[The data]

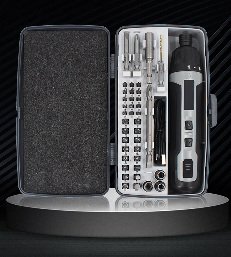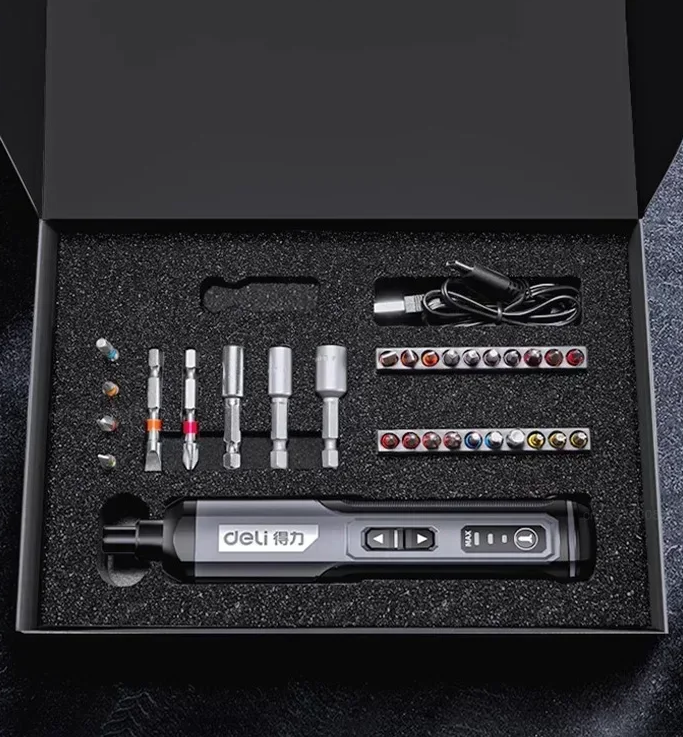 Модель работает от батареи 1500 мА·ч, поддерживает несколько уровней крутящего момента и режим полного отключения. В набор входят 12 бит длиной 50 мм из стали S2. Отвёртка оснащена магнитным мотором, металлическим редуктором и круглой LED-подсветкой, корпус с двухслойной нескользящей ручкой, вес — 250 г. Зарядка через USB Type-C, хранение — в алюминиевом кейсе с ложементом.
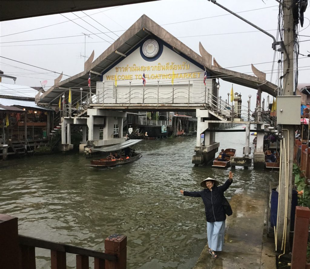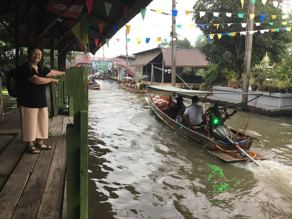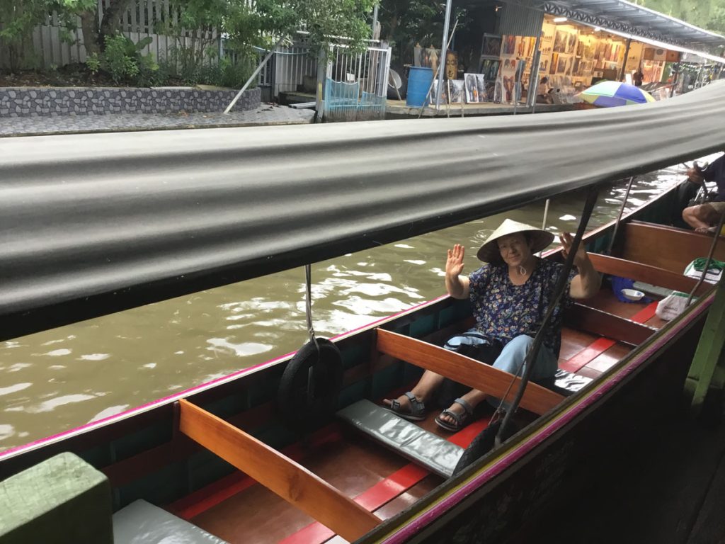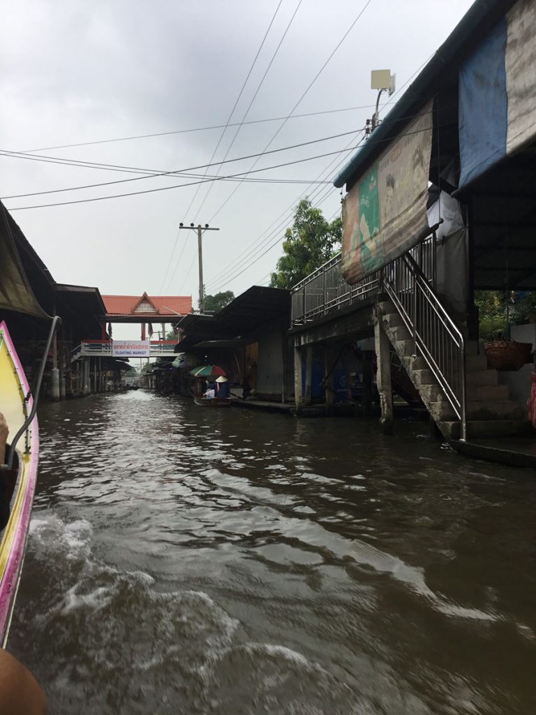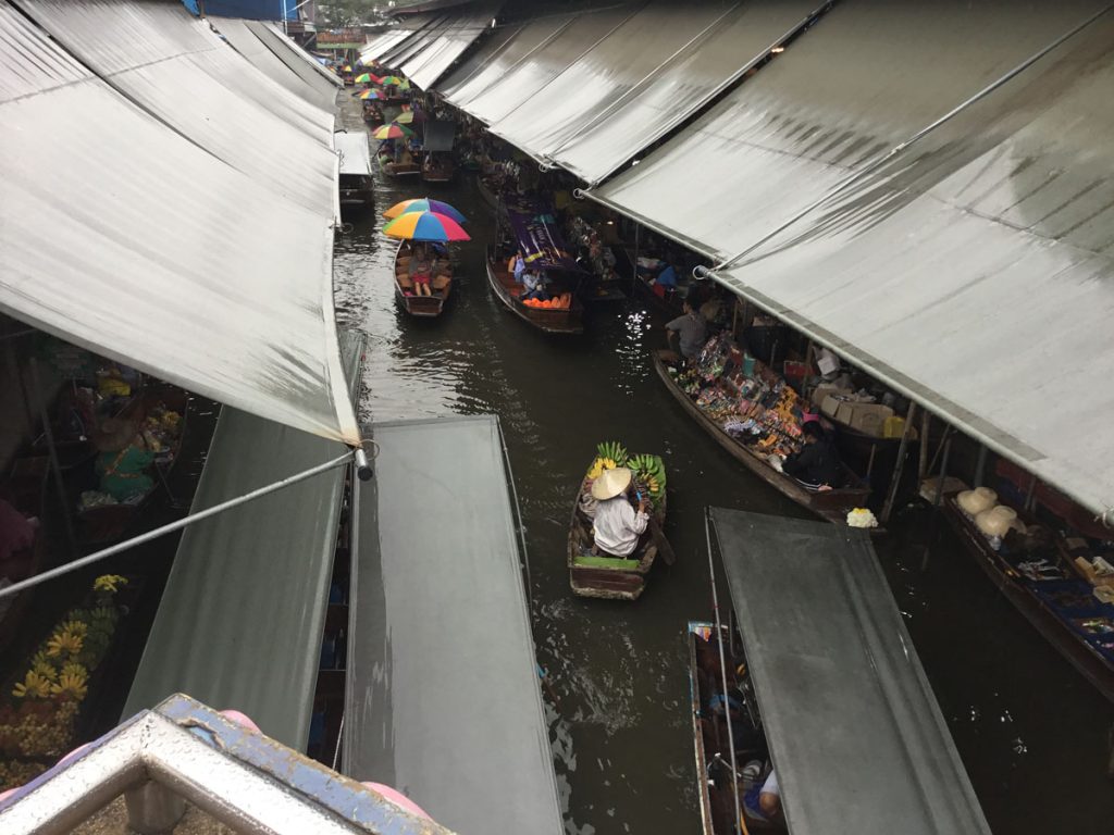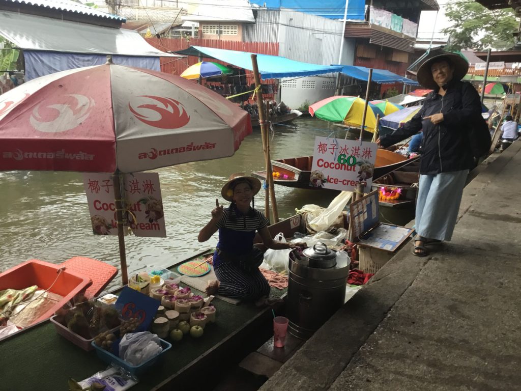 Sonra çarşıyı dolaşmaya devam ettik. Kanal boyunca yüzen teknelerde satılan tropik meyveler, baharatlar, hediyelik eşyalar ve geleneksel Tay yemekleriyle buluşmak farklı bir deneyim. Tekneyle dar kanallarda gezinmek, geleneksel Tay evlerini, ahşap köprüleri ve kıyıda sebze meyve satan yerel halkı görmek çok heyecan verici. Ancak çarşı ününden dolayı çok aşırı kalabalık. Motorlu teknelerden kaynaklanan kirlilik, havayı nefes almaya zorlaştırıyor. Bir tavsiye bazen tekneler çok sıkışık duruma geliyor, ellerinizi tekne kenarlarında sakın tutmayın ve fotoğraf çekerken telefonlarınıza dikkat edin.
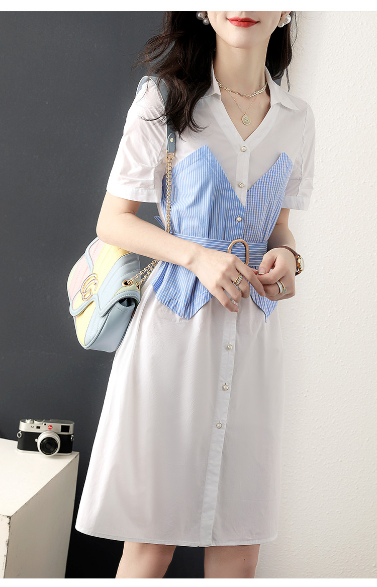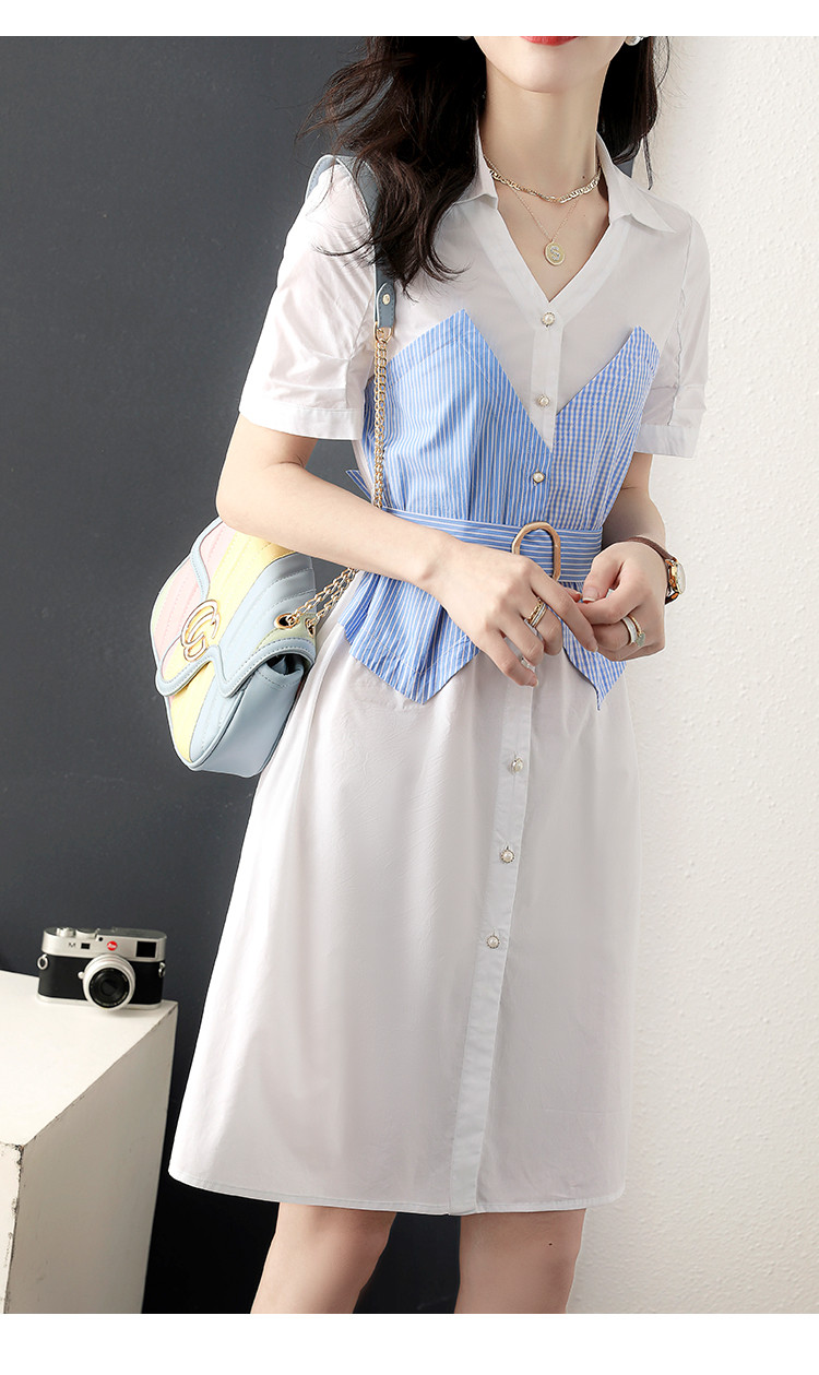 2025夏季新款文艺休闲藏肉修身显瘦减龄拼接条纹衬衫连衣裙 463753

[Brief] What you return should be the full listing, unchanged, minus the pictures.

[Answer space]
 Модель работает от батареи 1500 мА·ч, поддерживает несколько уровней крутящего момента и режим полного отключения. В набор входят 12 бит длиной 50 мм из стали S2. Отвёртка оснащена магнитным мотором, металлическим редуктором и круглой LED-подсветкой, корпус с двухслойной нескользящей ручкой, вес — 250 г. Зарядка через USB Type-C, хранение — в алюминиевом кейсе с ложементом.
 Sonra çarşıyı dolaşmaya devam ettik. Kanal boyunca yüzen teknelerde satılan tropik meyveler, baharatlar, hediyelik eşyalar ve geleneksel Tay yemekleriyle buluşmak farklı bir deneyim. Tekneyle dar kanallarda gezinmek, geleneksel Tay evlerini, ahşap köprüleri ve kıyıda sebze meyve satan yerel halkı görmek çok heyecan verici. Ancak çarşı ününden dolayı çok aşırı kalabalık. Motorlu teknelerden kaynaklanan kirlilik, havayı nefes almaya zorlaştırıyor. Bir tavsiye bazen tekneler çok sıkışık duruma geliyor, ellerinizi tekne kenarlarında sakın tutmayın ve fotoğraf çekerken telefonlarınıza dikkat edin.
 2025夏季新款文艺休闲藏肉修身显瘦减龄拼接条纹衬衫连衣裙 463753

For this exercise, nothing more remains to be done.